Leviticus describes the establishment of Jubilee, when slaves were to be set free and debts forgiven every 50 years, he said.

“Jubilee shows that in God’s world, families are not condemned to perpetual debt slavery, power and wealth are not held in the hands of a few, and everyone over the longterm has the opportunity to support themselves through good, decent, sustainable patterns of labor and rest,” Daily said.

SEAN COLEMAN

Sean Coleman, biology professor, says the concept of “intelligent design” bothers him, both as a person of faith and as a biologist.

Wrestling with questions about science and faith have strengthened Coleman’s beliefs, and he hoped his “last lecture,” delivered Nov. 2, challenged students to examine their beliefs and reach their own conclusions, he said.

The intelligent-design movement provides a way for some people to reconcile faith and some of the ideas of evolution and natural selection, Coleman, 31, said. He calls it a “God in the gaps” ideology.

Proponents of the belief that Earth exists because of an intelligent designer point to God when they find gaps in what science can explain, Coleman said.

“Scientific evidence is going to fill in those gaps,” Coleman said. “Then, you’re left with no faith. That is problematic.”

The intelligent-design movement emerged in the 1980s after a court case banned the teaching of creationism in public-school science classrooms as an alternate explanation of evolution, Coleman said.

Coleman explained in his lecture that scientific theories develop from a body of facts that have been repeatedly confirmed through observation and experiment.
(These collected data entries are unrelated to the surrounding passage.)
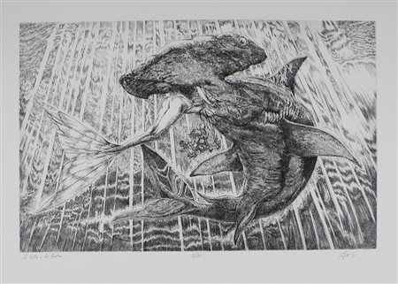 Perfetti Luciano La bella e la bestia acquaforte su carta, cm. 50x70, es....
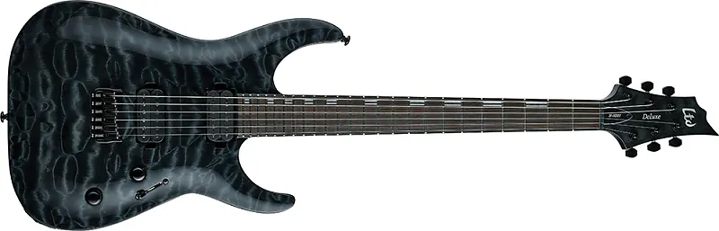 Конструкция сквозного типа - Масштаб 25,5 дюйма. Корпус из махагона с верхом из кленового шпона Quilted Manicoin. Клен 3 слоя с профилем Thin U. Гриф из эбена Macassar с 24 клавишами Extra Jumbo, радиус 14. Лада 42 мм. Черная фурнитура - мост Hipshot с системой String Thru. Колки LTD Locking. Звукосниматели Seymour Duncan Sentient/Pegasus. Струны D'Addario XL110 (.010/.013/.017/.026/.036/.046). Размеры: длина 39,00 см - глубина 9,00 см - высота 108,00 см - объем 0,037 м³. LTD # LTD H-1001 QM - See Thru Black # Гитары / Электрогитары # Серия H
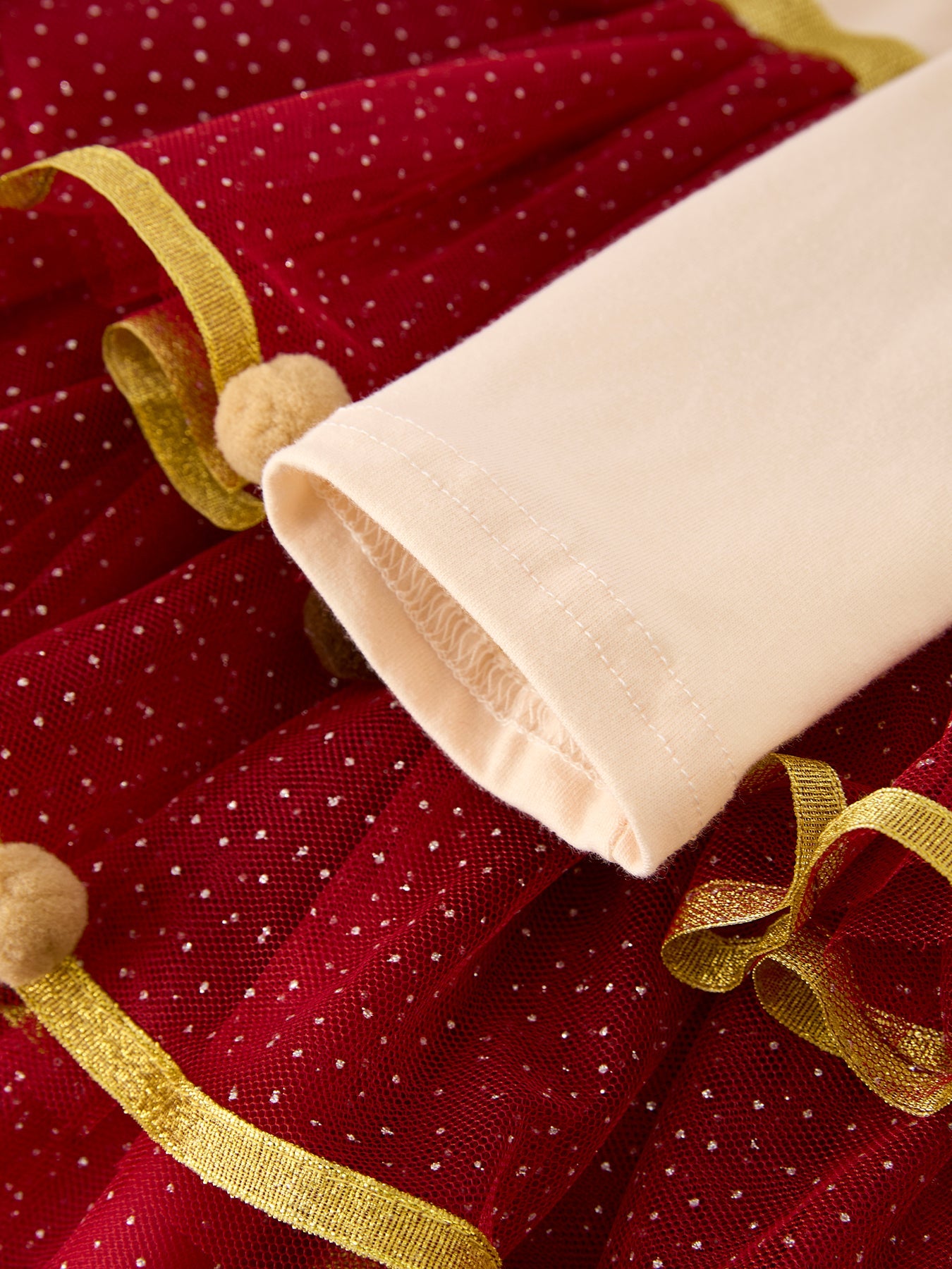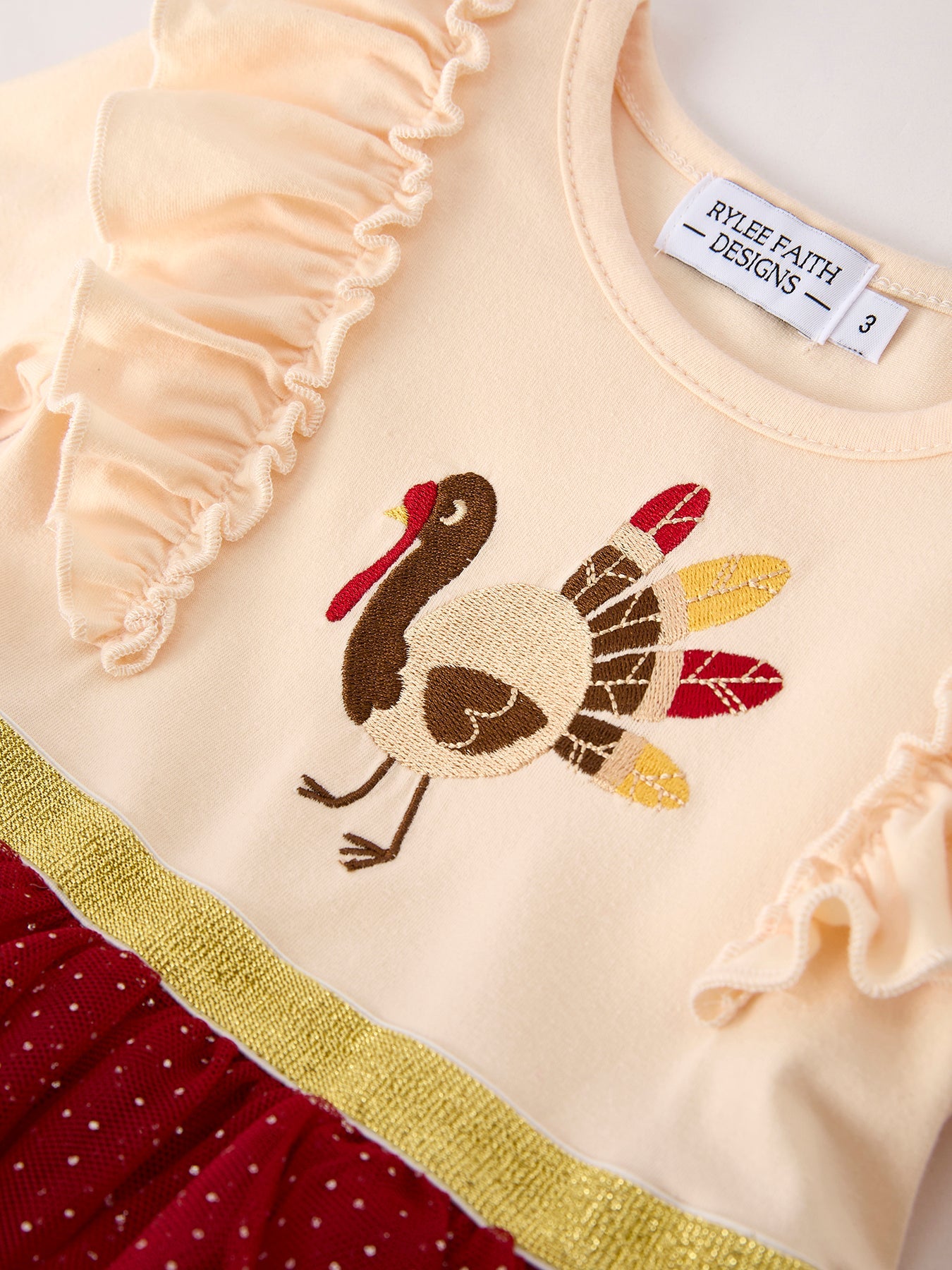 Autumn Thanksgiving Tulle Red Girls Long Sleeve Dress

More evidence exists for the theory of evolution than for the theory of gravity, he said.

“Science cannot study the supernatural,” Coleman wrote in his lecture notes. “Scientists are not trying to disprove the existence of God.”
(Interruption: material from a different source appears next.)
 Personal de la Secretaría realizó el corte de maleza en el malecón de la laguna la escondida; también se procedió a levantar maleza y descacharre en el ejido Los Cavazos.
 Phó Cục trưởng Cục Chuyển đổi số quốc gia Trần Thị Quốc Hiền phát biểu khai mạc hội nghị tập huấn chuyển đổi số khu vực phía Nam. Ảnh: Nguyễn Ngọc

Coleman grew up in western Wisconsin attending a church affiliated with the Congregational United Church of Christ and had parents who were active in the church.

“I didn’t realize there wascontroversy between science and faith,” Coleman said. “There really isn’t a controversy for me.”

ELISSA HEIL

For Elissa Heil, 50, associate academic dean and professor of English and Spanish, her “last lecture” was inspired by her experience one day recently in the classroom. It was eerily silent when she walked in. Students were not chatting about their assignments or examinations or everyday life. “Their heads are bent on their devices,” she said. “Every student is engaged in texting. They’re not talking to one another.”So, instead of focusing on her scholarship and love of literature, her “last lecture” focused on one of her biggest fears for her 10-yearold daughter’s generation.

“My fear is what we’re missing by focusing so much attention on our technology,” Heil said. “We should use technology - not make it a lifestyle. My fear is it’s becoming too much a part of our life.”

Heil has a smart-phone and a Facebook account, but she said she is not preoccupied with the technology like her students are.

In her lecture, given Nov. 16, Heil talked about the intrusion of technology at the movies, at dinner parties, at hotel bars, during vacations and even at home.

When her daughter had a friend stay the night, Heil noticed that the girls were a little too quiet in the living room.She discovered that they were in the living room texting each other on their iPod Touches.

“They were together, 5 feet apart, but were missing the joy of developed conversation that the luxury of the institution of the sleepover provides - the late-night chats, giggles, plans and board games, all part of growing up,” Heil said.

She concluded her lecture with two thoughts: “One, never lose sight of what we hold sacred as a community; and two, don’t leave us for the virtual world but luxuriate in the here and now, your privileged position in this place.”